Je weniger Müll, desto grösser die Hemmungen
Wie ist dem unordentlichen Treiben beizukommen? Mit einer Umkehrtaktik. ERZ reinigt
gezielt nach Zeiten, in denen viel los war, und vor der nächsten Welle
an Parkbesuchern oder Seeflanierern. «Je sauberer es ist, desto mehr
Hemmungen haben die Leute, etwas liegenzulassen», sagt Filli.
Auch
Bussen sind möglich, für den Fall, dass jemand den öffentlichen Raum
verschmutzt. Diese können allerdings nur durch die Stadtpolizei und
nicht durch den Reinigungsdienst ausgestellt werden. Mit Verboten und
Sanktionen sei laut Artho sowieso sparsam umzugehen. «Denn übermässig
viele Verbote können dazu führen, dass die Menschen sich nicht mehr am
gesundem Menschenverstand und am Gemeinschaftssinn orientieren.»

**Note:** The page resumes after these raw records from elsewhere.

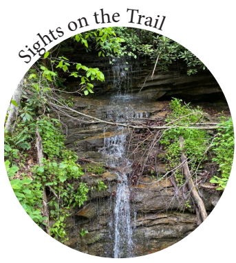
Sights on the Trail
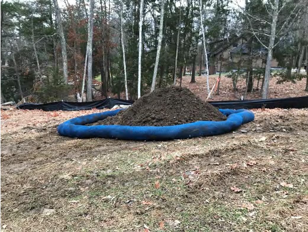
Fig 7: Temporary loam stockpile at the Eversource property/west side of the bay. Viewing south. (01-05-21)
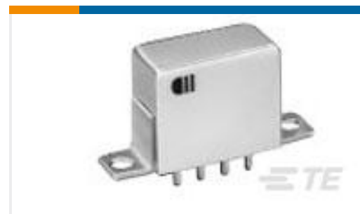
TE Part # 1617004-9 B07D034BB2-0120 = M5757/23-010
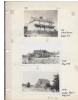
#87 Lot K. Brown, 87A Biber, 87B Pierce (Coll. 003 Vol. 002 Photo 014)
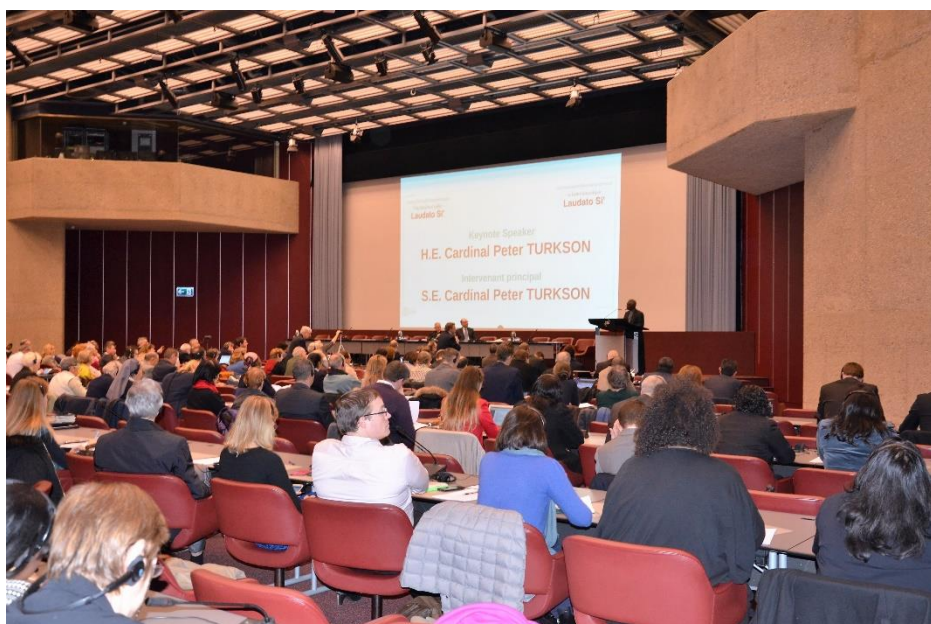
High Level Conference Laudato Si: Caring for Our Common Home, Geneva, January 2016

Furthermore, during the HRC, a closed movie session will be organized "on the Smallest Army in the World: The Swiss Guard", at the Palais des Nations, on March 3, 2016.
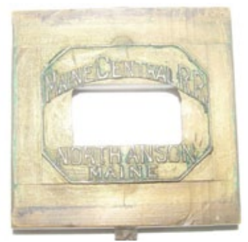
Dater dies from Waukegan, IL on the Chicago, North Shore & Milwaukee ($170) and North Anson, ME on the Maine Central Railroad ($260).
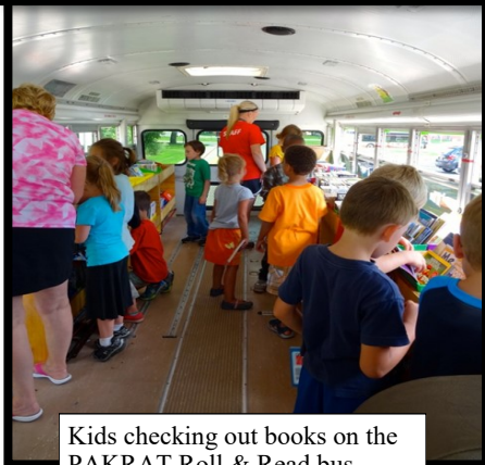
Kids checking out books on the PAKRAT Roll & Read bus.
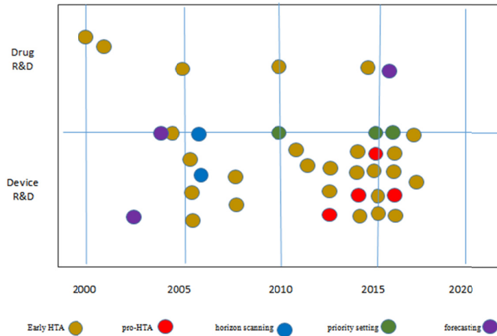
Fig. 2. Review studies presenting iterative economic evaluation in drug and medical device development, based on technology evaluation methods

made technologies. The general steps of this approach include 1. Identification: identification of emerging pharmaceutical and non-pharmaceutical technologies. 2. Filtering: Selecting the most important and most efficient technologies from the experts' point of view. 3. Priority setting: Prioritize these technologies based on different evaluation criteria from the perspective of each country. 4. Assessment: using evaluation methods for comparing two drugs or interventions in two different therapies (16).
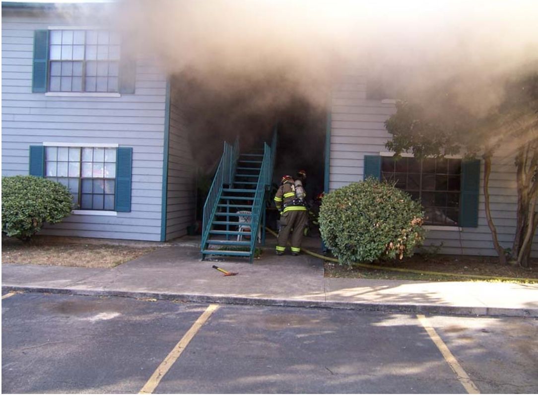
San Marcos Firefighters enter a burning apartment to extinguish a fire that damaged two apartments at the Verandah Apartments on North IH 35.
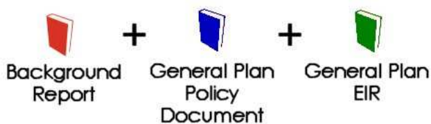
This General Plan is arranged in three volumes, which combine to form the entire General Plan

The organization of the General Plan in these three volumes (Background Report, Policy Document, and EIR) is illustrated below. Together, these documents comprise the Elk Grove General Plan.
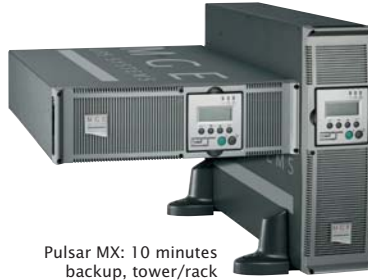
Pulsar MX: 10 minutes backup, tower/rack mounting (3U), mimic, LCD display.
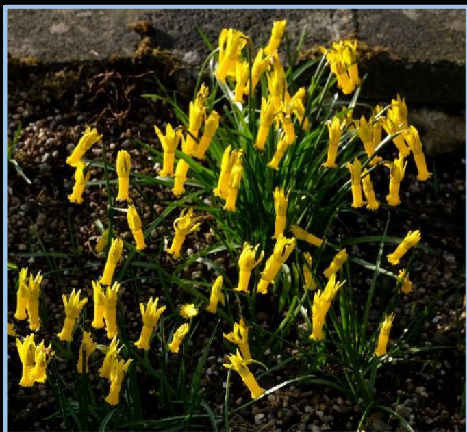
Narcissus cyclamineus – Pat Crossley
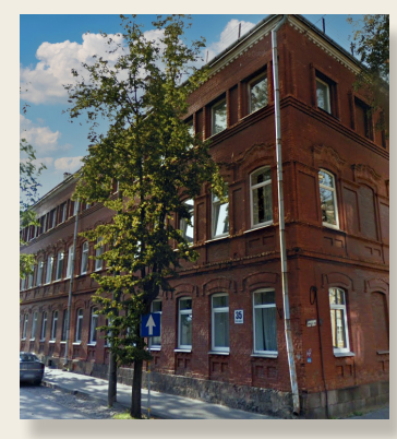
Kr. Valdemāra street 35

The German Parents' Association maintained a German private school (Primary School No. 18) in Daugavpils. Its address was 35 K. Valdemāra Street<sup>(3)</sup>. The house was rebuilt and has been preserved. The school activities were supported by the entire local German community, therefore for school events the spacious premises of Daugavpils City
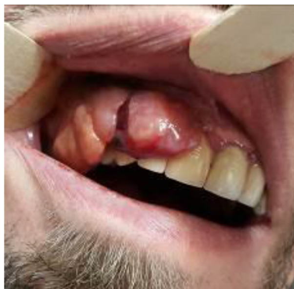
Figure 1. An Exophytic Mass in the Right Side of the Maxilla

Oral mucosal melanoma is a rare malignancy (13). Despite its rarity, melanoma is the most important pigmented lesion of the oral cavity due to its poor prognosis and a high mortality rate. Thus, every single and stable pigmented lesion in the oral cavity must undergo biopsy
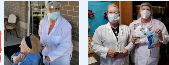
Celebrating our wonderful Nurses, CNAs, and Universal Workers during CNA Appreciation Week!
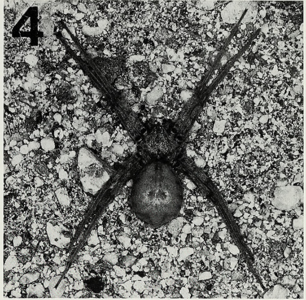
Figures 3, 4.—Postures of Homalonychus theologus . 3. Characteristic resting posture of Homalonychus with legs held flat and spread equidistant from one another. This penultimate male molted and was not placed back on sand. Hence, it shows its natural coloration without sand trapped amongst hairs; 4. Posture of a female H. theologus with rigid body and paired legs, possibly a defense mechanism.

which trap small sand grains (except in mature males) (Roth 1984). Immobility is a common general defense among animals (Cott 1940). Cloudsley-Thompson (1995) mentions death-feigning (thanatosis) in an exhaustive review of spider defensive behaviors; however, no behavior such as we have seen in H. theologus is mentioned. Additionally, thanatosis in spiders usually involves holding the legs tucked in close to the body. The rearrangement of the legs in H. theologus is somewhat puzzling as two legs held together would seem to increase the spider's conspicuousness, and hence belie its cryptic nature. Possibly, this leg orientation provides a novel image to a predator accustomed to eating spiders. Predators are known to avoid novel stimuli (Cott 1940) although we doubt that predators will care whether its prey have "4" or 8 legs. We would like to offer one additional speculative hypothesis. Because H. theologus is both nocturnal and a desert dweller, possibly the immobility in concert with paired-leg posture mimics the appearance of detached spines of dead cactus which could be an effective defense in the desert at night when visibility is poor.
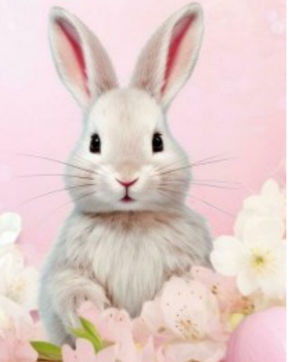
Photo Op with the Easter Bunny Easter Egg Hunt, Treat Bags for All Prize Wheel, Cookie Decorating and Crafts

"Here is my servant! I have made him strong. He is my chosen one; I am pleased with him. I have given him my Spirit, and he will bring justice to the nations. He won't shout or yell or call out in the streets. He won't break off a bent reed or put out a dying flame, but he will make sure that justice is done. He won't quit or give up until he brings justice everywhere on earth, and people in foreign nations long for his teaching."
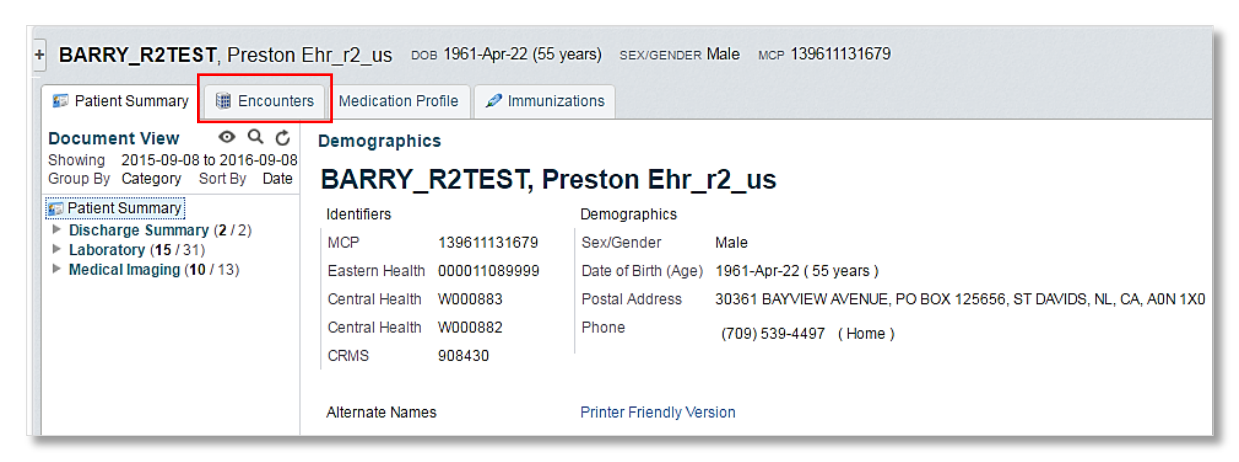
Figure 1: Screen showing "Encounters" tab

Patient Encounters are a component of the Dynamic Summary in HEALTHe NL and can be accessed by clicking on the "Encounters" tab next to the "Patient Summary" Tab (Figure 1).
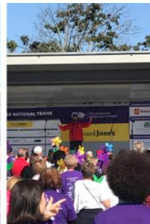
Gloria Gaynor was AMAZING! We participated in the Alzheimer's New Haven Walk & was the Water Sponsor this year at Lighthouse Point Park!
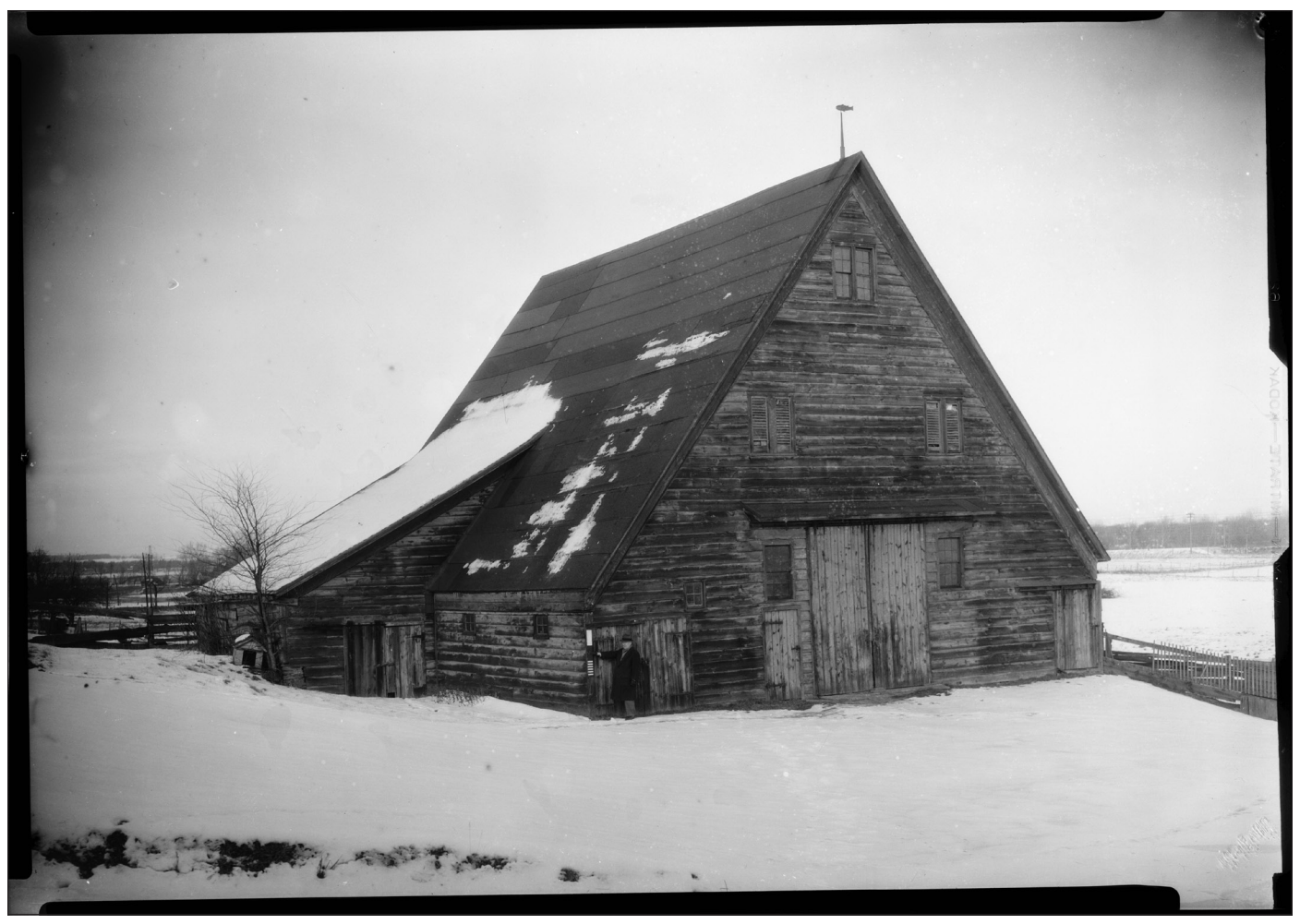
Figure 2. The Teller-Schermerhorn barn, Historic American Buildings Survey photograph.

Stattdessen würden sie alles als ausdrücklich erlaubt verstehen, was
nicht ausdrücklich verboten sei.
Was eher helfe als Verbote: eine
gute Erziehung. Diese lege generell den Grundstein dafür, wie stark der
Solidaritätsgedanke einer Person ausgeprägt sein wird. Auch dieser
Prozess sei natürlich Zeiten unterworfen, in denen man sämtliche
Prinzipien über Bord werfe, zum Beispiel in der Pubertät. Doch mit dem
Denken an die Gesellschaft und dem Litteringproblem sei es oft wie mit
dem Wandern: «Früher musste ich, dann wollte ich nicht mehr, heute gehe
ich wieder.»
(Tages-Anzeiger)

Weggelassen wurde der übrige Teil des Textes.